Hay, finalmente, un libro más importante que todos los demás, escribía

el maestro Maya en el discurso antes recordado: el libro de nuestra vida.

Cada minuto es una línea que escribimos en aquel libro, de modo que su

caligrafía es labor incesante. Es cuento, madrigal, fábula, drama, poema

heroico, historia novelesca o crónica insignificante. Puede tener una unidad

absoluta, o estar concebido en frases discordantes. Lo escribimos con todo

nuestro ser y es nuestra ambición no dejar márgenes blancos para que en él

quepa toda la historia de nuestro paso por la tierra, pues hay inevitablemente

un momento en el que la mano de la muerte se interpone y dibuja el punto

aparte. El capítulo que sigue no lo escribimos en la tierra.

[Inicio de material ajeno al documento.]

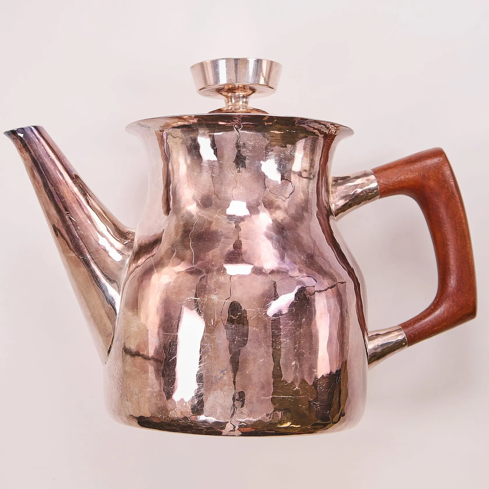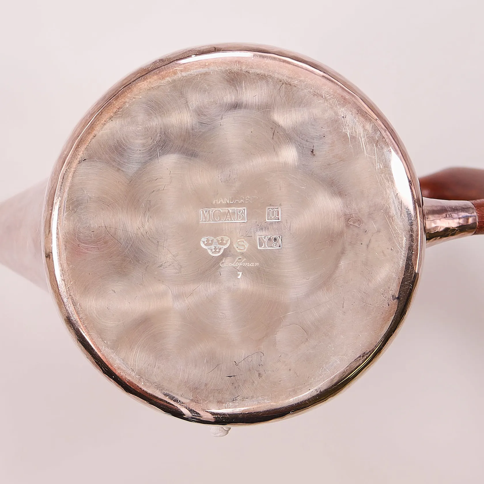 Kaffekanna, höjd 15cmträhandtag, signerad Erik Löfman, hamrad dekor, förgylld insida, MGAB år 1973, 830/1000 Silver 532,9g. Vikt: 532,9 g.
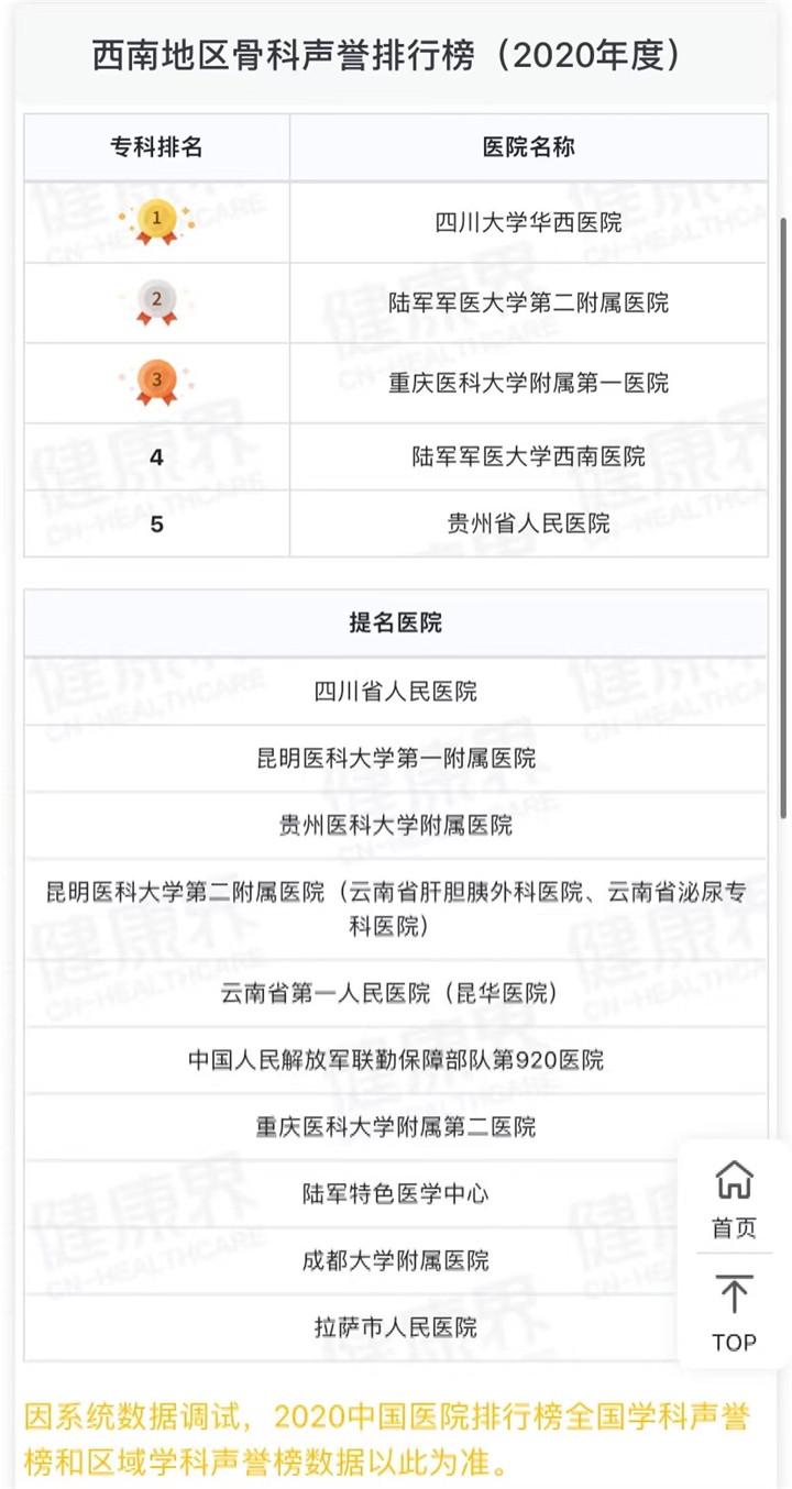 日前,在健康界举行的2020年度中国医院排行榜发布会上,对“西南地区骨科声誉排行榜(2020年度)”进行了公布,榜单上
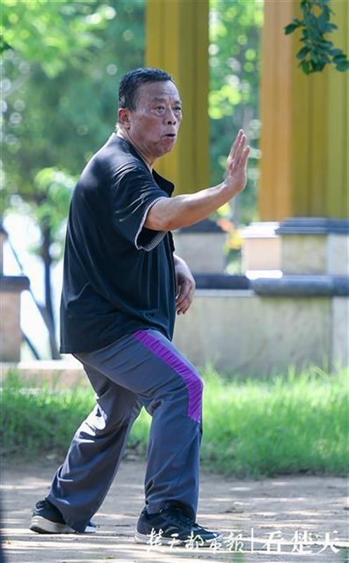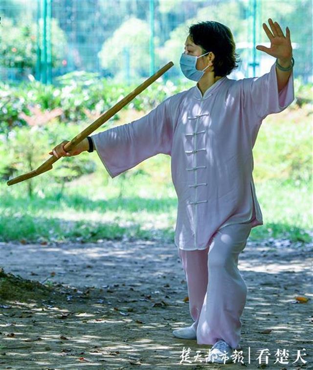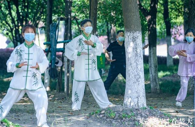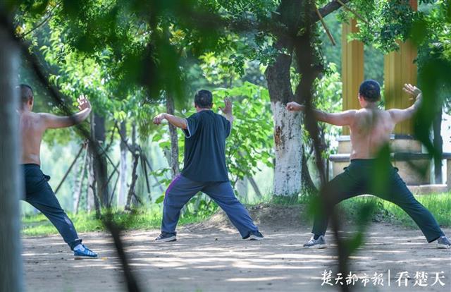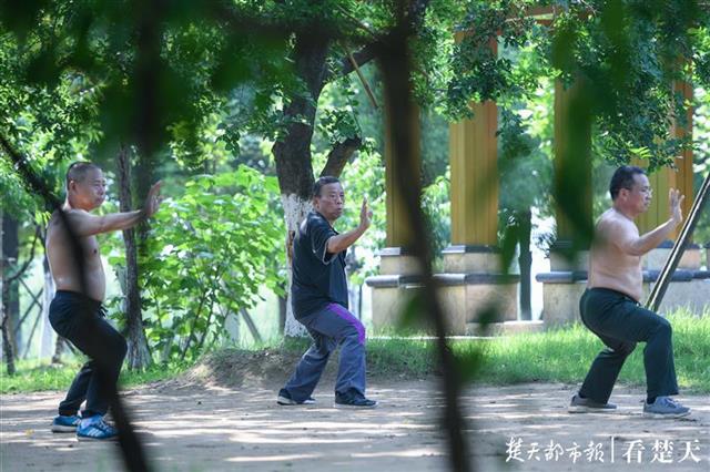 5月23日,周六的武汉天气晴好。当天上午,记者在汉江江滩硚口段看到,中老年市民晨练方式五花八门:他们有的在树林里练起杨氏太极,有的在亭子边上打起陈氏太极,有的在广场上放飞盘鹰,有的在空地上跳起广场舞,有的甚至学起小朋友和年轻人玩起轮滑。

Hace pocas semanas, el vicepresidente de Colombia, el académico

Gustavo Bell, concluía así su hermoso discurso inaugural de la Feria

Internacional del Libro en Bogotá:

Entre todas las necesidades que tenemos los hombres, poco se

habla de una de las más esenciales y que la lectura nos aporta

fructíferamente: leemos en silencio. Y es este silencio el que nos abre las

puertas de la percepción a otros mundos. El silencio, salvador por sí mismo,

nunca está más lleno de contenidos que cuando va acompañado de un libro...

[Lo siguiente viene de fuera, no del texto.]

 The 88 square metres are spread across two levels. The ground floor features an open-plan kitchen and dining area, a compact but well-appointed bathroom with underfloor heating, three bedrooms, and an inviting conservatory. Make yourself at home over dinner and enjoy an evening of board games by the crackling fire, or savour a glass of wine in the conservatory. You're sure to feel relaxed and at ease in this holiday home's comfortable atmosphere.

Decía Pascal que el hombre tendrá salvación cuando pueda estar solo en un

cuarto sin ruido. Me tomo la libertad -concluía Bell-, de interpretar a Pascal

para decir que de seguro el filósofo francés dibujaba tal escena suponiendo

que aquel hombre imaginario tendría un libro en la mano.

Aquel momento -recordaba Rodríguez Marín en una Feria del Libro en

Madrid-, le llegó a Petrarca agonizante, en Avignon, con solo un libro por

compañía. Al morir se le encontró "con la cabeza caída sobre un códice,

como si hubiera escogido deliberadamente esa almohada para dormir en la

eternidad”.

Aquella frente reclinada sobre los pensamientos, es el símbolo de la

edad moderna gobernada por el libro, así sea por el fantasma del libro

electrónico; el cual ya está aquí, como lo ví hace poco en el 26º. Congreso de

la Unión Internacional de Editores de Buenos Aires, que tuve el honor de

clausurar. Pero el libro sigue campeando, sigue gobernando con su estructura

tradicional, el universo de la cultura.

Señores Académicos:

La comezón infantil del libro me llevó a la presidencia de una

pequeña editorial independiente y a la presidencia de Colombia, para

convertirme después -como en un tango- en venerable mueble viejo. Aquel

camino sigue abierto. ¡Alístense, apreciados colegas académicos!.